Damian hanya merasakan tanpa perlawanan. Damian rasa ia pantas mendapatkan ini semua.
Edward mengerang frustasi. Hal yang paling ia benci dari Damian adalah selalu mengulang kesalahannya di masa lalu. Edward merasa karma kini berada di depan matanya. Entah sehancur apa gadis malang itu. "Jangan sampai semua itu terulang lagi."
Senja menghilang setelah kesalahan itu terjadi. Edward sangat ketakutan sekarang, bagaimana jika hal yang sama terjadi pada Ruby?
"Dari awal, gue udah wanti-wanti lo supaya jangan berurusan sama dia. Lo lupa?"
"Gue lupa. Gue bener-bener lupa," sahutnya. Damian sudah jatuh hati terlalu dalam hingga melupakan ucapnya dulu. Ternyata benar, ia benar-benar menjilat ludahnya sendiri.
"Awasi dia mulai sekarang. Jangan sampai hal yang gak diinginkan terjadi." Edward membuang nafas kasar. "Keluar dari kamar gue!" usirnya.
Perlahan Damian bangkit sambil memegang perutnya menahan sakit. Ia segera keluar dari ruangan itu dengan tertatih.
Sudah tiga hari, namun Ruby tak kunjung keluar dari kamarnya. Setiap hari Damian mengunjungi Ruby untuk melihat kondisinya, hari ini pun sama. Ia berniat untuk ke sana lagi setelah ini.
Apa gue bilang aja masalah ini ke Langit? Gak-gak! Kalau dia tau, masalah bakal makin runyam. Dia bisa mukul gue habis-habisan. Damian berdecak kesal. Ia meringis saat menyentuh ujung bibirnya. Jika Damian membiarkan Langit kembali memukulnya, ia bisa mati hari ini di tangan lelaki itu.
***
"Ruby," panggil Langit dari luar kamarnya. "Lo udah makan? Gue mau ngomong. Buka pintunya." Ia terus mengetuk pintu.
Sudah sekitar 30 menit ia berdiri di sana namun sama sekali tak ada jawaban. Langit semakin khawatir. "Ruby, gue bawa buku novel lo. Maaf gue ngambil ini diam-diam. Gue—"
Tiba-tiba pintu terbuka, sebuah tangan dengan gercap mengambil buku di tangan Langit kemudian kembali mengunci pintu dengan cepat.

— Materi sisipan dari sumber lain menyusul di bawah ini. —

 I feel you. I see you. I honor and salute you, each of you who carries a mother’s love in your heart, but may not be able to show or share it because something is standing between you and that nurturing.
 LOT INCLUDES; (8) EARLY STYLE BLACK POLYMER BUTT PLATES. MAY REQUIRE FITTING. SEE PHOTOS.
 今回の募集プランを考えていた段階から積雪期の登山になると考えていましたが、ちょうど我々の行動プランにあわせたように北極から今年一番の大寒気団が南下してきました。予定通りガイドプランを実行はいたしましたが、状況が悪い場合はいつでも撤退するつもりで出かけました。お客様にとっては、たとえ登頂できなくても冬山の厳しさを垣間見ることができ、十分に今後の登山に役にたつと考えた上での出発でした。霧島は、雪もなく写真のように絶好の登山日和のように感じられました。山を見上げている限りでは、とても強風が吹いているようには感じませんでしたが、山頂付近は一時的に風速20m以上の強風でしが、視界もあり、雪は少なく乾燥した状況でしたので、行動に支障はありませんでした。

Langit yang terkejut tak sempat menahan Ruby mengacak rambut frustasi, harus dengan cara apa lagi agar Ruby mau bicara kepadanya.

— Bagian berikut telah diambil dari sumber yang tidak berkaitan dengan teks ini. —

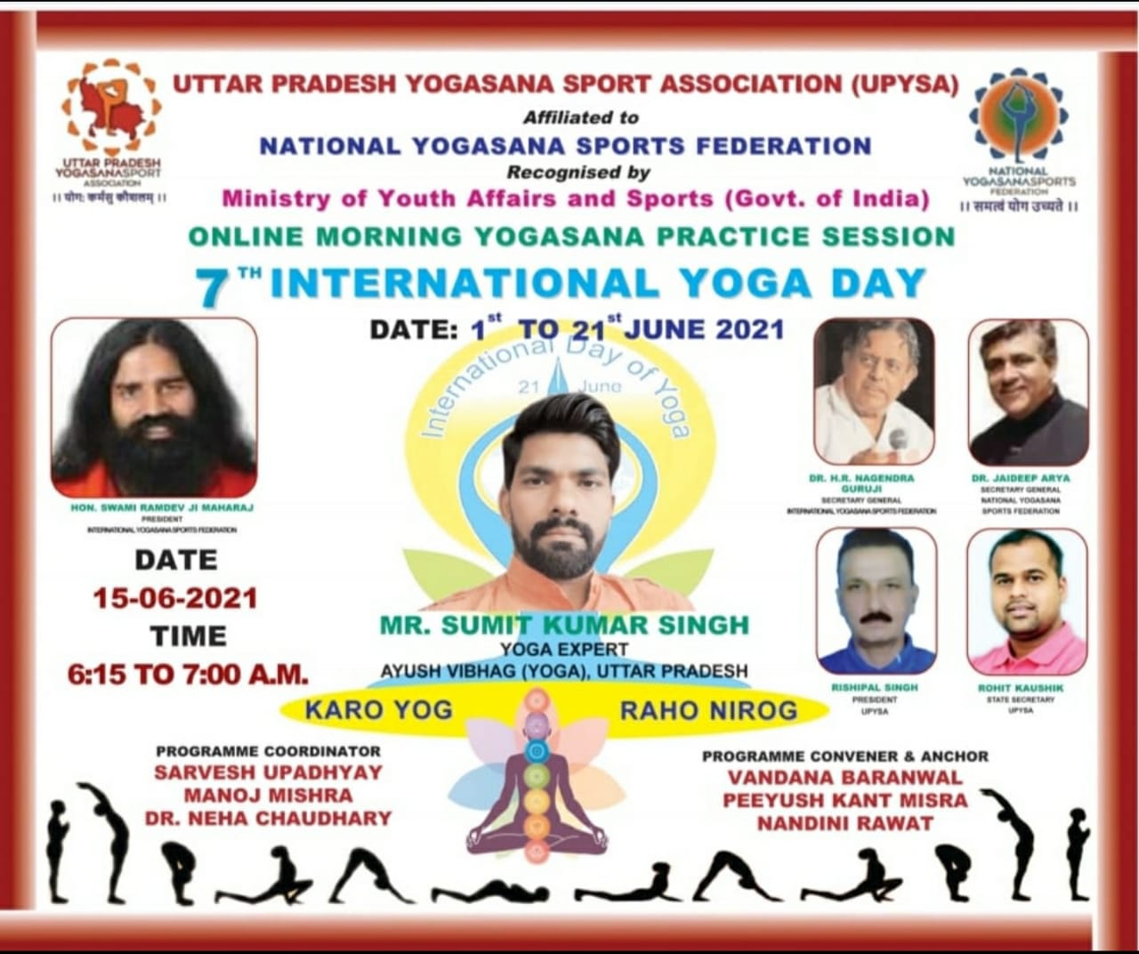 हाथरस : नेशनल योगासन स्पोर्ट्स फेडरेशन की राज्य इकाई उत्तर प्रदेश योगासन स्पोर्ट्स एसोसिएशन के बैनर तले सातवें अन्तराष्ट्रीय योग दिवस के अवसर पर 21 दिवसीय राष्ट्रीय योग प्रशिक्षण कार्यक्रम का आयोजन ऑनलाइन किया जा रहा है।गौरतलब है नेशनल योगासन स्पोर्ट्स फेडरेशन खेल मंत्रालय,भारत सरकार से मान्यता प्राप्त है।कार्यक्रम में आज मुख्य योग विशेषज्ञ और प्रशिक्षक के तौर पर योग वेलनेस सेंटर सासनी में कार्यरत योगाचार्य सुमित कुमार सिंह को आमंत्रित किया गया।कार्यशाला में योगाचार्य द्वारा 21 जून को होने वाले कार्यक्रम के लिए प्रशिक्षणार्थियों को कॉमन योगा प्रोटोकॉल का अभ्यास कराया गया।साथ ही प्रशिक्षुओं के योग से संबंधित शंकाओं तथा त्रुटियों का समाधान योगाचार्य सुमित कुमार सिंह द्वारा किया गया।देशभर से सैकड़ों योग प्रेमियों ने प्रशिक्षण सत्र में सक्रिय सहभागिता की।UPYSA की राज्य इकाई द्वारा योगाचार्य सुमित कुमार सिंह का धन्यवाद ज्ञापित किया गया।

"Abang udah tau apa yang terjadi. Maafin Abang, untuk kesekian kalinya—"
"Abang-abang, jangan ngomong kayak gitu, geli gue dengernya," potong Ruby. Ternyata gadis itu sedang bersandar di pintu sejak 30 menit yang lalu, sambil mendengarkan celotehan Langit yang tanpa henti terus berusaha membujuknya.
Langit kembali menghela nafas berusaha tersenyum di tengah kecanggungan ini.
"Lo udah mukul Damian?"
KAMU SEDANG MEMBACA
Transmigrasi Gadis Gila [END]
Teen FictionBELUM DIREVISI!! Bagaimana jadinya jika seorang gadis yang memiliki sifat bandel, bar-bar, suka membuat onar, dan sedikit tidak waras mengalami transmigrasi ke tubuh seorang antagonis di dalam novel yang baru saja ia baca sebelum meninggal? Sudah ka...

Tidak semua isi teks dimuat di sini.